|
PyMOL
Getting started
If you are using UNIX/Linux, type pymol at the prompt. For Windows, click the PyMOL icon.
PyMOL starts with two windows, the Viewer window, where the structures are
displayed, and the External (Tcl/Tk) GUI window, which has a collection of
pull-down menus and a command input field.

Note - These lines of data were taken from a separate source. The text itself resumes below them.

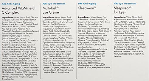 -. Feature : Sleepwear: smoothes the appearance of lines and wrinkles, helps revitalize firming collagen and elastin, helps strengthen skin's protective barrier layer and encourages younger-looking skin / Sleepwear for eyes: decreases the appearance of wrinkle length and depth, visibly reduces fine lines, increases the feel of firmness around eyes and nourishes thin, fragile skin / Multi-task eye creme: minimizes dark undereye circles, helps reduce puffiness and moisturizes to ease fine lines / Advanced vitamineral C complex: clarifies, brightens and energizes skin, defends against toxins that cause dullness and aging, detoxifies and smoothes and helps skin naturally repair itself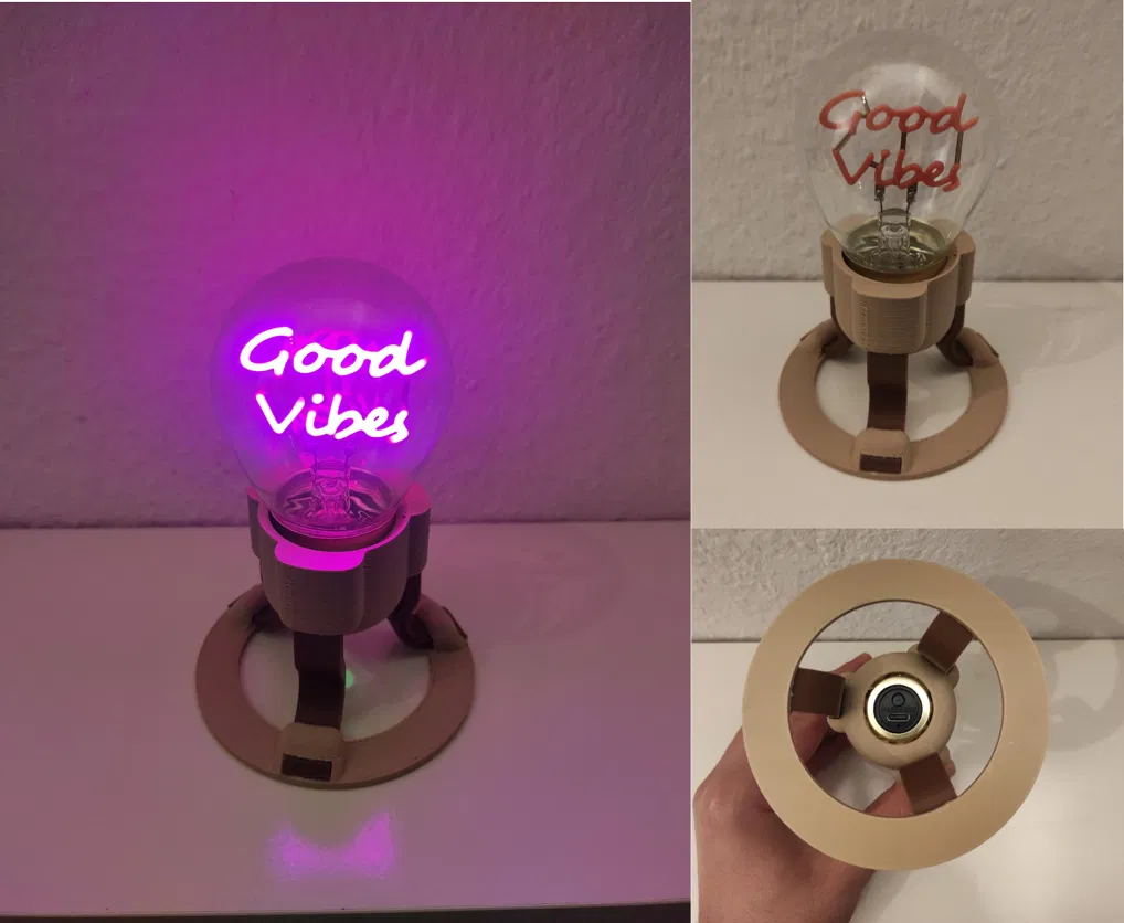 Chân đế đơn giản cho bóng đèn trang trí Legami chuẩn E40, có ren để vặn bóng vào và có lỗ bên dưới để bật/tắt cũng như sạc. File STL gồm 4 phần riêng, cần tách object trước khi slicing.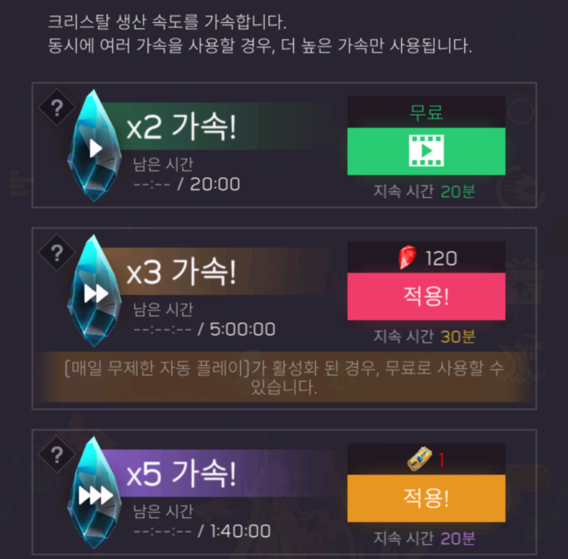 먼저 크리스탈의 생산 시간을 단축하는 부분이다. 생산 속도를 2배와 3배, 5배 빠르게 할 수 있는 상품이 있는데, 이중 2배 가속은 광고 시청으로 할 수 있는 만큼 유저에게 부담없고 다양한 선택권을 준다.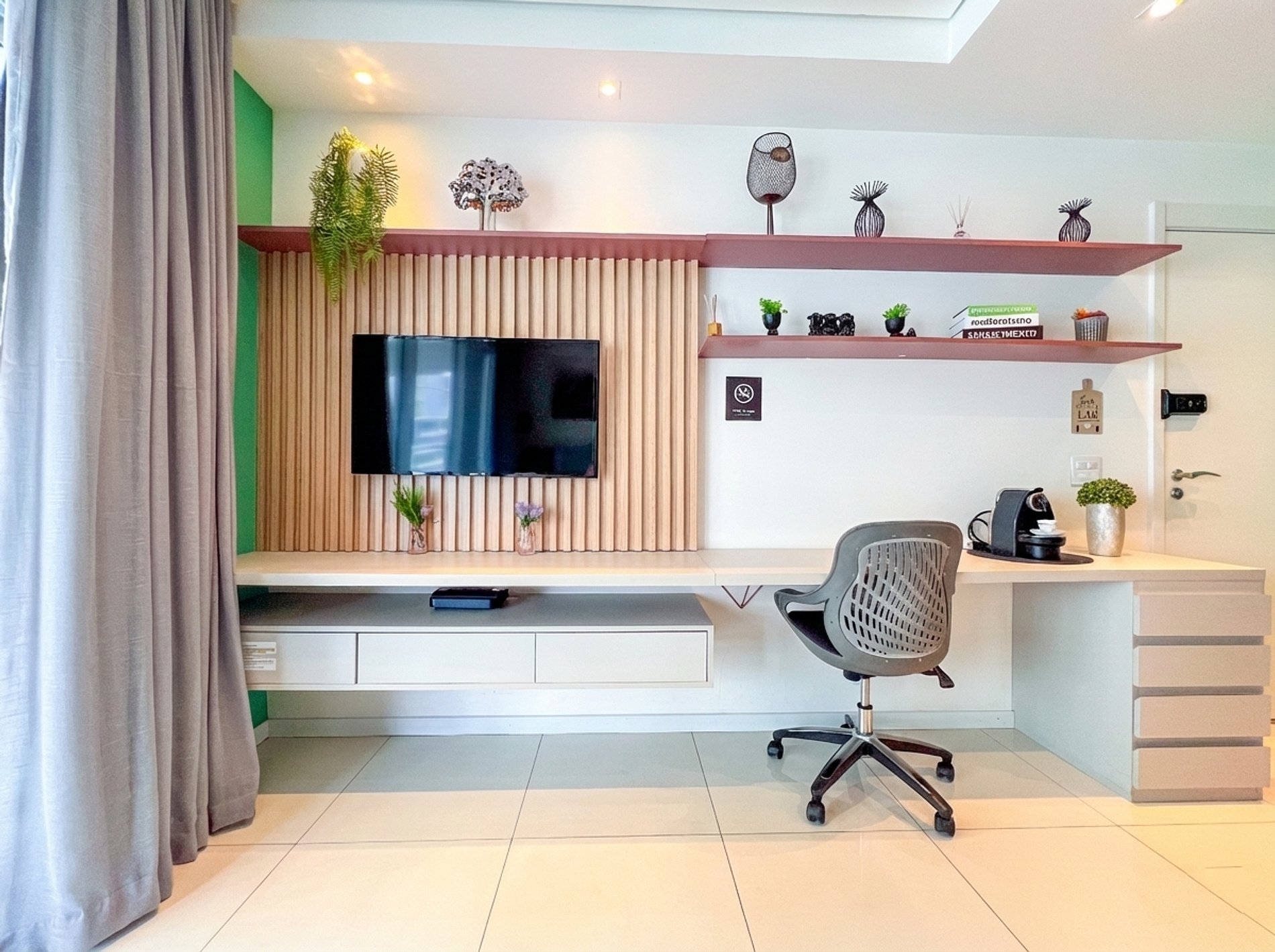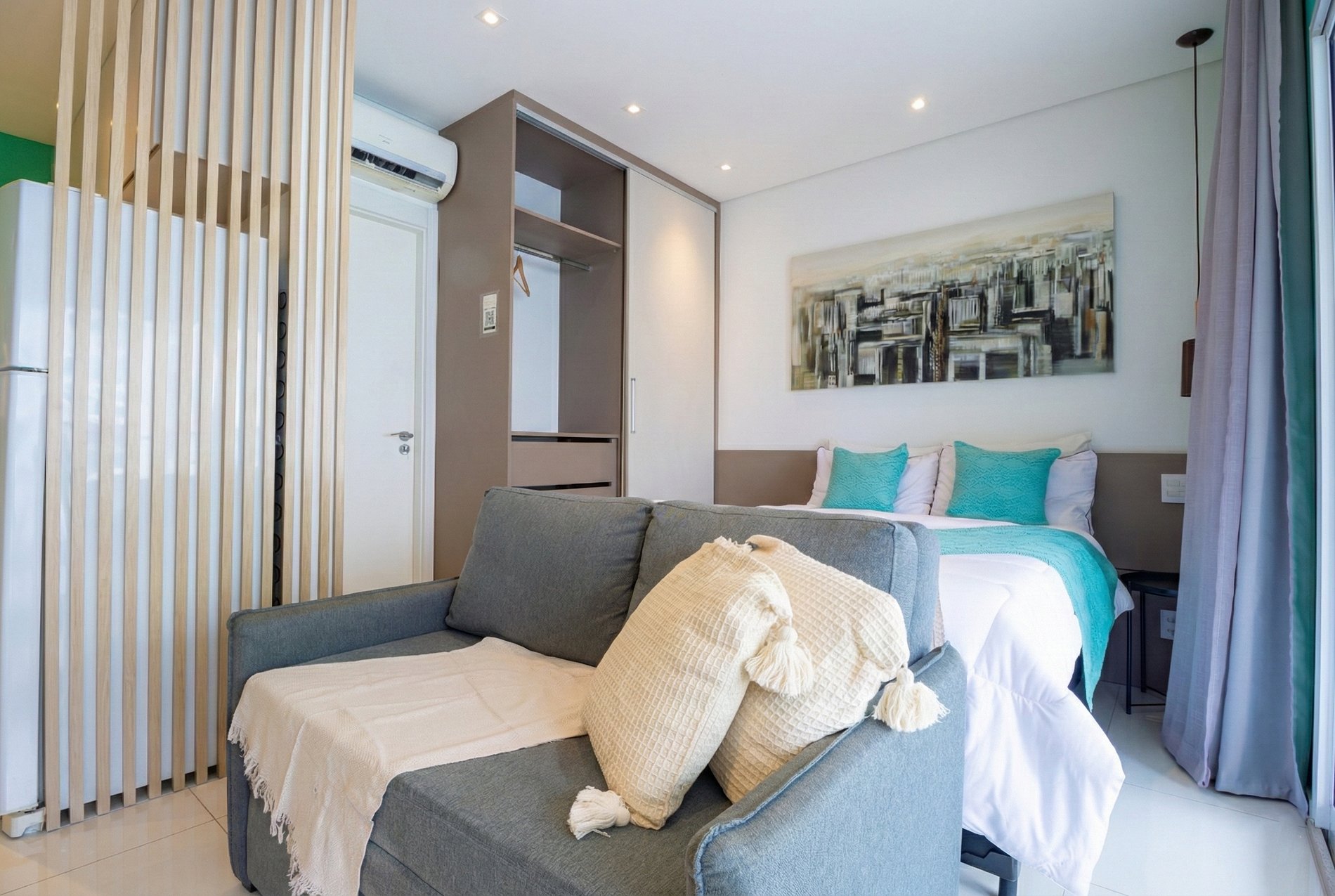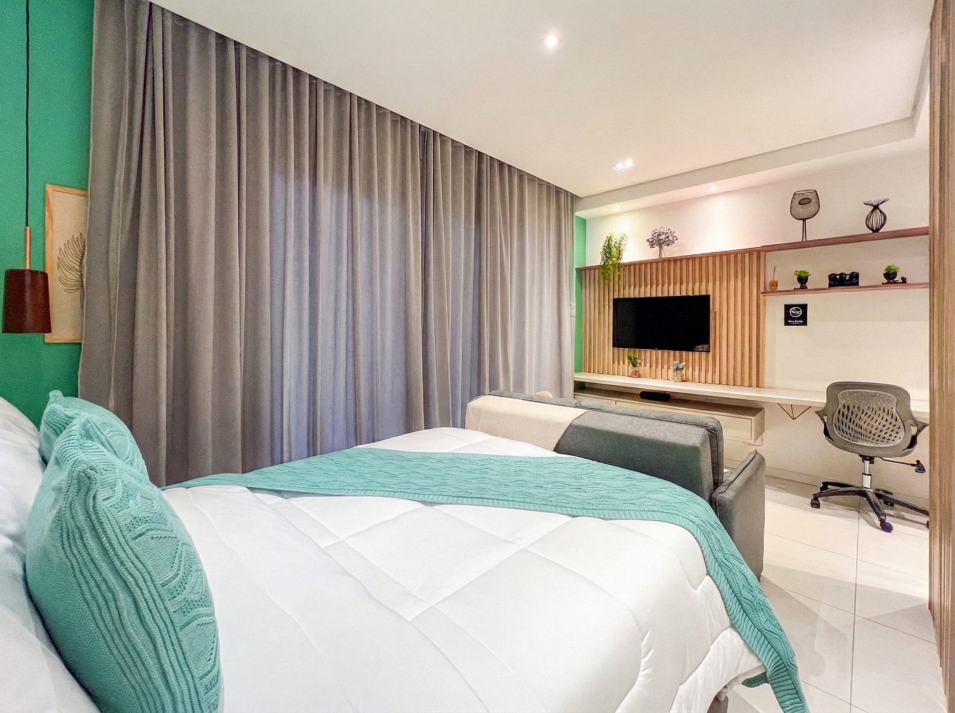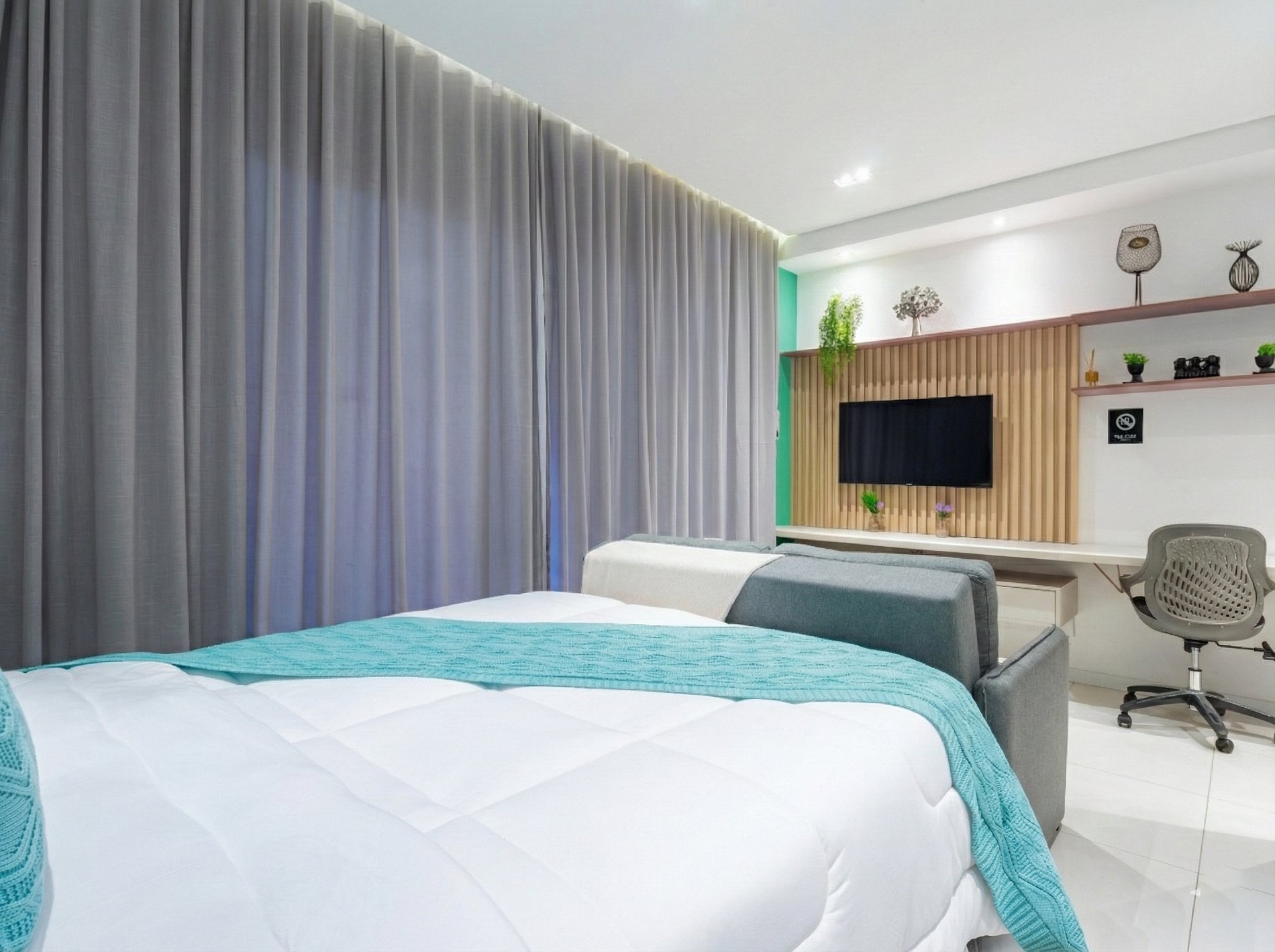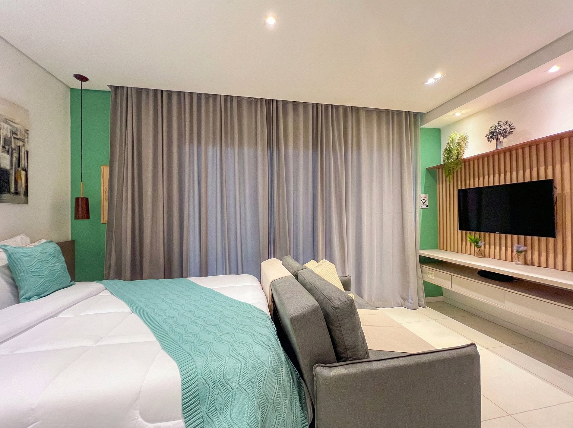 Nosso estúdio foi cuidadosamente projetado para proporcionar uma estadia acolhedora e funcional. Com uma decoração contemporânea e toques de design, o ambiente conta com:

This tutorial is intended for users who don't use PyMOL every day, and therefore
I will try to use the menus as much as possible, to reduce the amount of
commands that needs to be remembered by the occasional user. If you are going
to be using PyMOL a lot, it is worthwhile to get hold of the manual and learn
the commands. You can ease your work considerably through scripting.
We will start the tutorial by working on the PDB file 1duz. If you are working
at the CBS network, you can retrieve the file using the command "getpdb" (at
the UNIX prompt):
getpdb 1duz > 1duz.pdb
You can also download it from www.rcsb.org/pdb.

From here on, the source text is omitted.